▶ WORK INSTRUCTION:
Below are some records. Return exactly their lines from the one containing "For more information" through the one containing "借力世界杯,数款App排名飙升!", and drop the pictures.
*** GIVEN RECORDS ***
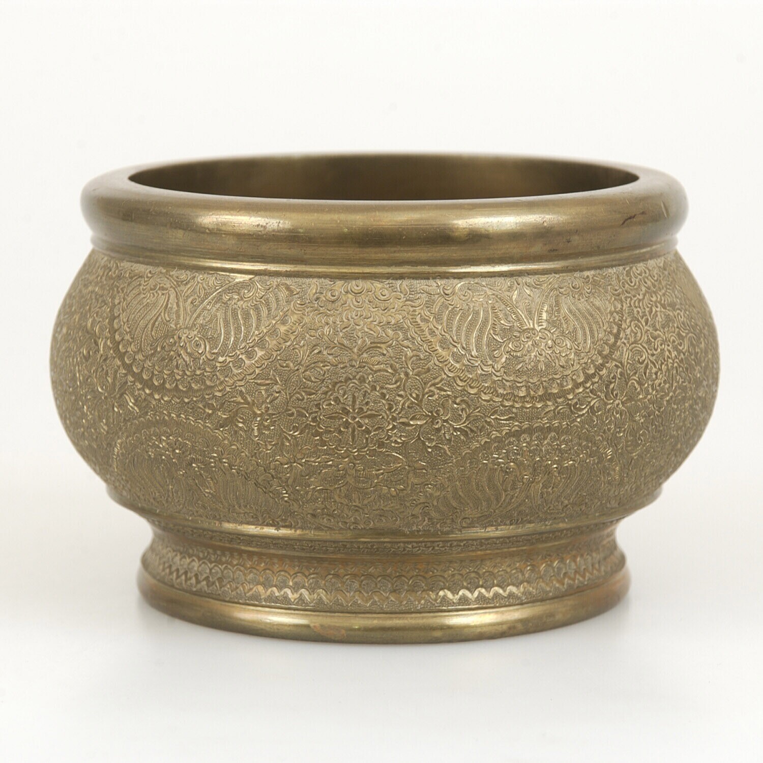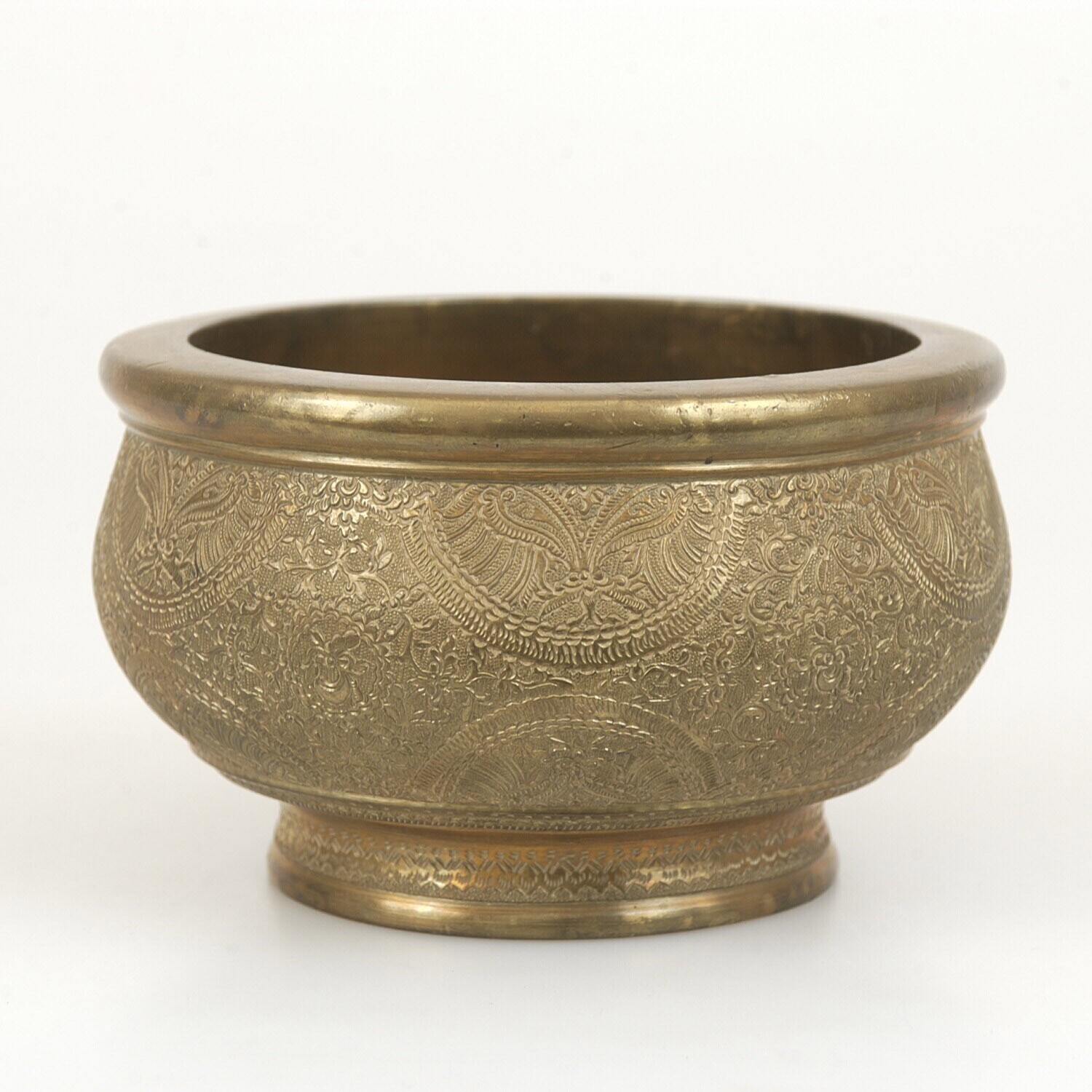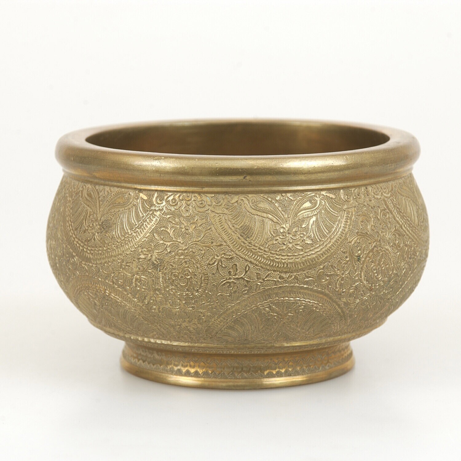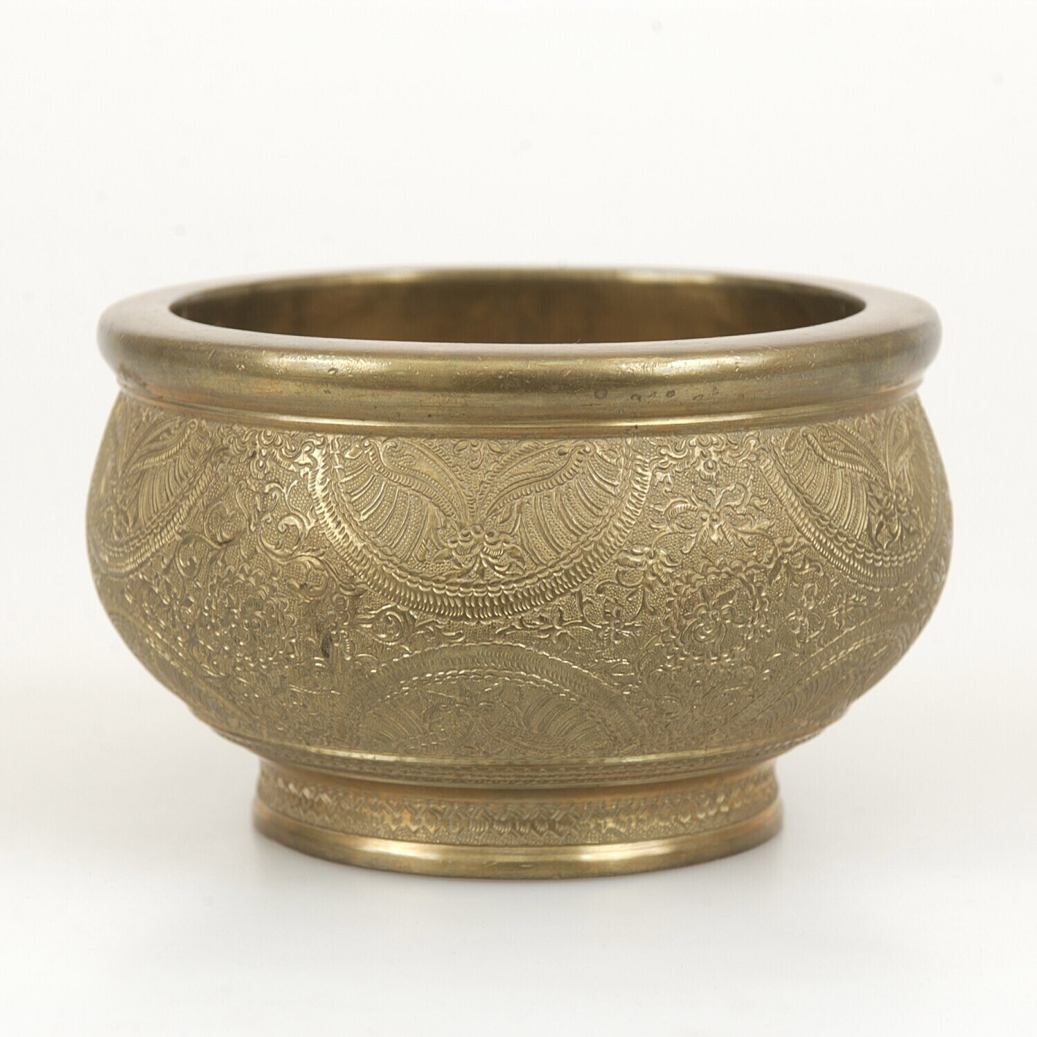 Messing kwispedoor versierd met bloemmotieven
***
*** GIVEN RECORDS ***
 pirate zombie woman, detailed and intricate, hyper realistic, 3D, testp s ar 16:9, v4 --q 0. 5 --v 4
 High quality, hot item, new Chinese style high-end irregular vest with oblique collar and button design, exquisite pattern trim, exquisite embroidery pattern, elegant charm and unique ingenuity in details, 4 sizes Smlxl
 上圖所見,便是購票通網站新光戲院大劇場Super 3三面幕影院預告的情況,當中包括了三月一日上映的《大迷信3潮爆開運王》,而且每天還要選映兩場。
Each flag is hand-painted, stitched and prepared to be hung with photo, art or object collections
***
*** GIVEN RECORDS ***
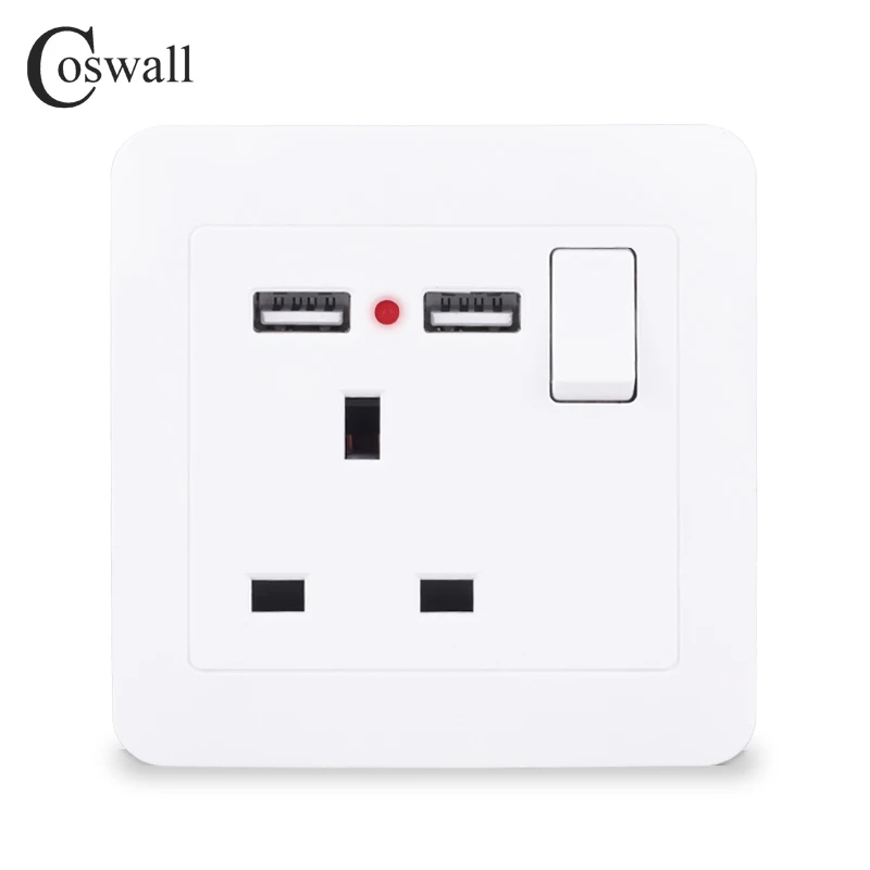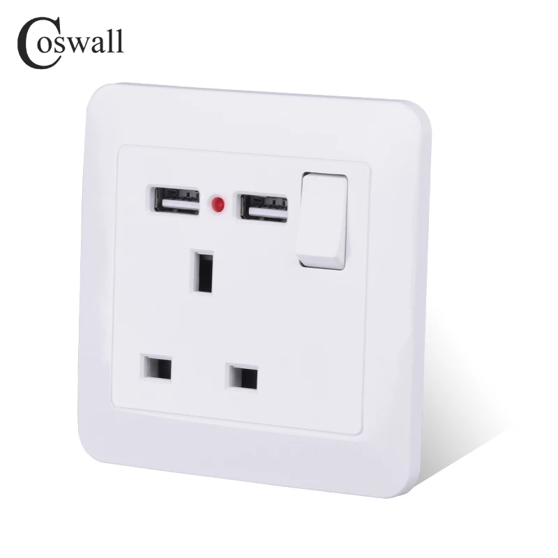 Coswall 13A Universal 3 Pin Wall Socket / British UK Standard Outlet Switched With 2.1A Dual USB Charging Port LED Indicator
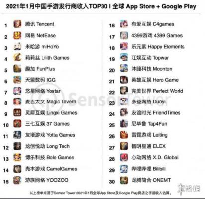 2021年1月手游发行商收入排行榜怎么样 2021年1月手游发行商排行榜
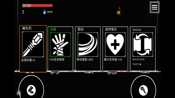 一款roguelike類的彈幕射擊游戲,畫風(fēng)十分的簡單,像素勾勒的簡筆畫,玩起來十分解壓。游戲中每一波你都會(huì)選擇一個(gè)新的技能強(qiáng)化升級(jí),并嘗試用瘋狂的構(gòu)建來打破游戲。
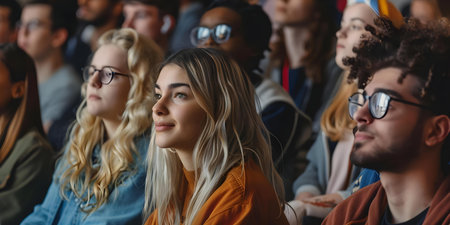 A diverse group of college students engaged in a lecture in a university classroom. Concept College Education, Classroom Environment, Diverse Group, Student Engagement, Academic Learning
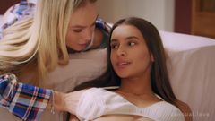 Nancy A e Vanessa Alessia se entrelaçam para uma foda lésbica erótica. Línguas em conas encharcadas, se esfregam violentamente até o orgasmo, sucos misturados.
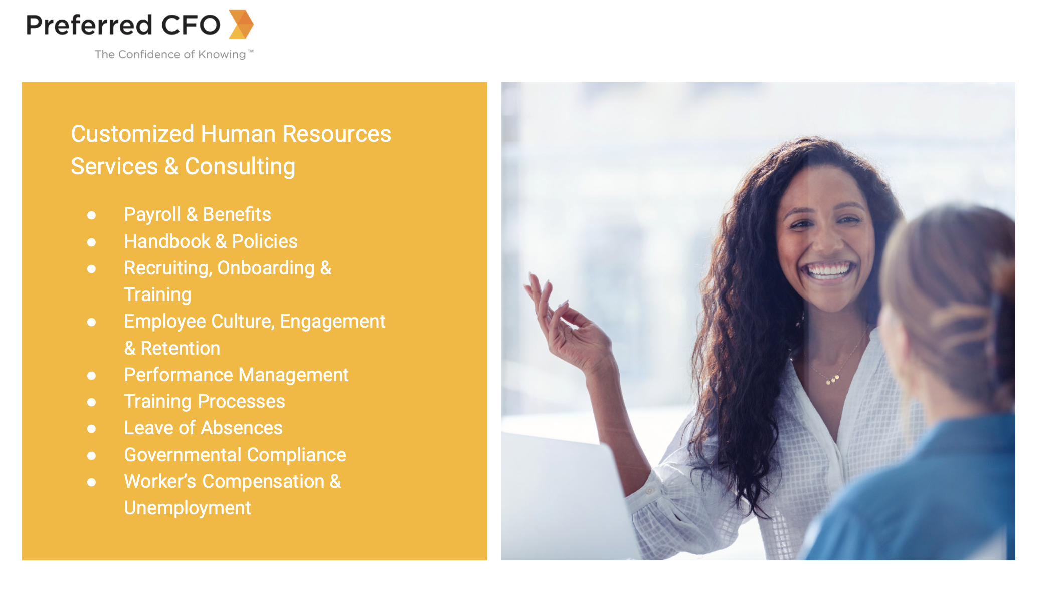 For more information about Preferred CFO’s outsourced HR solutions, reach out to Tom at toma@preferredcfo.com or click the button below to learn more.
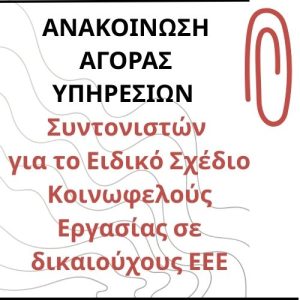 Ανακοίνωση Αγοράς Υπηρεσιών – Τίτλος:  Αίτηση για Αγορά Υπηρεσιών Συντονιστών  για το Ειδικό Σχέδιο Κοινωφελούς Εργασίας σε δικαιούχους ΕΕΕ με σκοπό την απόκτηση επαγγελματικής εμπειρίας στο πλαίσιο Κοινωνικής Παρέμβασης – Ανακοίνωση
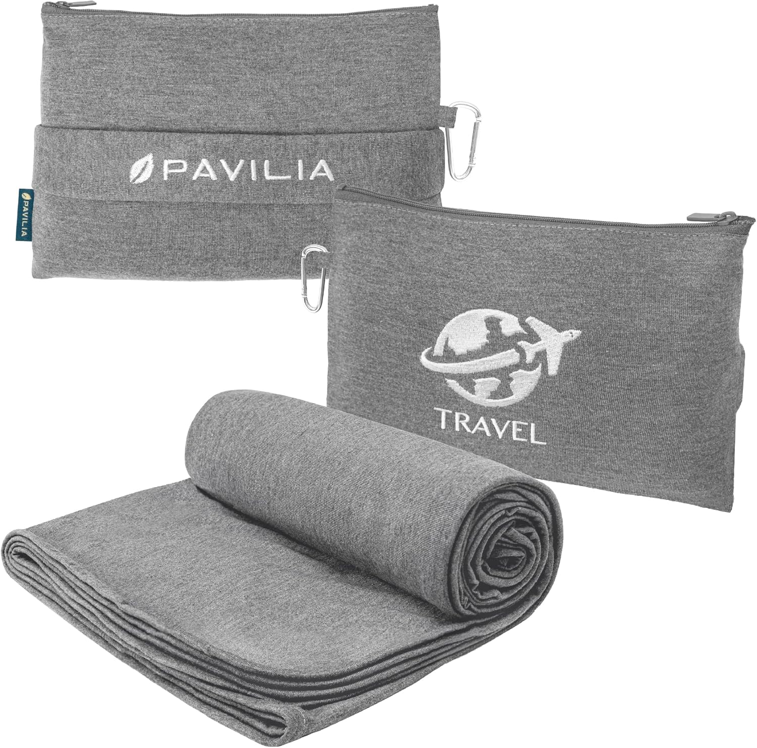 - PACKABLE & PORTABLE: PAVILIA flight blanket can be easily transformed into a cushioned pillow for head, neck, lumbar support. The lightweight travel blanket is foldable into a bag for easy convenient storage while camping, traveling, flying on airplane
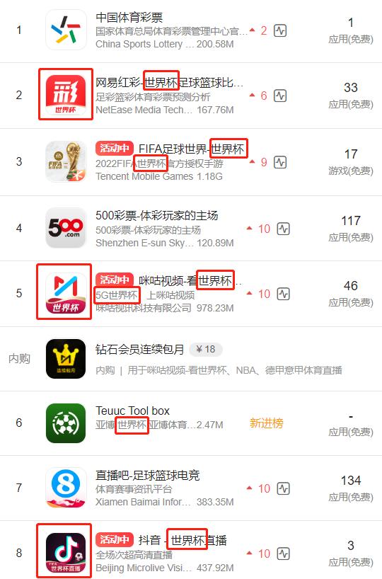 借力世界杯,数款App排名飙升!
***
▶ REPLY:
 For more information about Preferred CFO’s outsourced HR solutions, reach out to Tom at toma@preferredcfo.com or click the button below to learn more.
 Ανακοίνωση Αγοράς Υπηρεσιών – Τίτλος:  Αίτηση για Αγορά Υπηρεσιών Συντονιστών  για το Ειδικό Σχέδιο Κοινωφελούς Εργασίας σε δικαιούχους ΕΕΕ με σκοπό την απόκτηση επαγγελματικής εμπειρίας στο πλαίσιο Κοινωνικής Παρέμβασης – Ανακοίνωση
 - PACKABLE & PORTABLE: PAVILIA flight blanket can be easily transformed into a cushioned pillow for head, neck, lumbar support. The lightweight travel blanket is foldable into a bag for easy convenient storage while camping, traveling, flying on airplane
 借力世界杯,数款App排名飙升!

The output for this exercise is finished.